The Global Cassava Partnership for the 21st Century (GCP21) convened its fourth scientific conference this week in Cotonou, Benin. Spread over five days, the conference – a collaboration between the scientific world and the private sector – facilitated plenary presentations, technical and scientific sessions and state-of-the-art presentations on a wide range of issues from biological, molecular and genomic advances, to progress in value chain development made on cassava over the last three years.
A surprise award was made to Dr Claude Fauquet, Executive Director of GCP21. The International Scientific Committee of GCP21 took the opportunity to bestow the award in recognition and appreciation of Dr Fauquet’s dedication to the research and development of the cassava crop and, through GCP21, to creating a global cassava community for the future.
The award was made as part of the ceremony for the prestigious Golden Cassava Prize, which this year was awarded to Dr Hernan Ceballos of the International Center for Tropical Agriculture (CIAT) and Dr Alfred Dixon of the International Institute of Tropical Agriculture (IITA), two of the world’s leading cassava breeders, in recognition of their contribution to cassava development.

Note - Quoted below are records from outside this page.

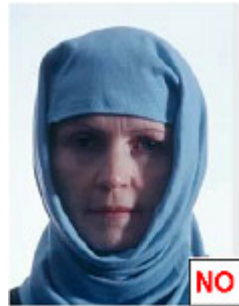
Parte del volto coperto - ombre sul volto
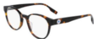
239 Dark Tortoise
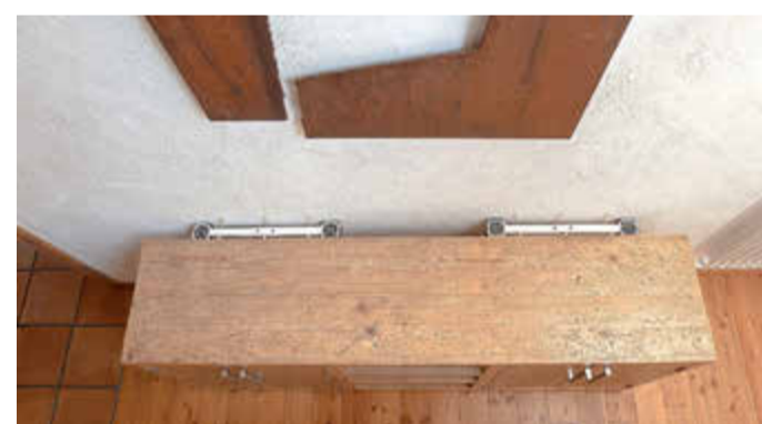
Frischluft bis in jede Ecke: Mit einer steten Luftzirkulation hinter Schränken und Regalen lässt sich der Schimmelgefahr wirksam vorbeugen.

zwischen der Rückseite des Schrankes und der Wand ein-klemmen lässt, zum Betrieb reichen eine Haushaltssteckdose und eine Zeitschaltuhr
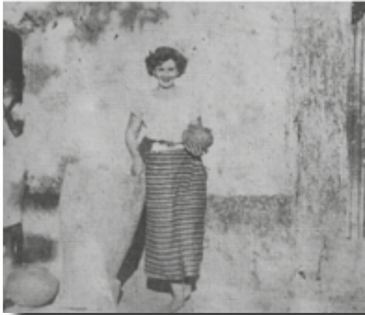
Calixta Guiteras, con traje popoluc.

randerera). Con “Los peligros del alma” quiso referirse a la creencia en el mundo tzotzil de que la sobrevivencia humana depende por completo de la preservación de las relaciones armoniosas con las deidades. Tal como Calixta muestra en el libro, en muchos mitos, la falta de respeto a esta creencia da lugar a castigos inmediatos e implacables. Por otro lado, Manuel Arias Sojom aparece en la publicación de Guiteras como

Presenting the Award on behalf of the Committee, Professor Andrew Westby, Director of the Natural Resources Institute, University of Greenwich, congratulated Claude on his leadership, dedication, energy and persistence in driving forward GCP21 since its establishment. GCP21 has provided an important convening mechanism for cassava researchers to share progress, concepts and ideas, as well as supporting the development of early career scientists.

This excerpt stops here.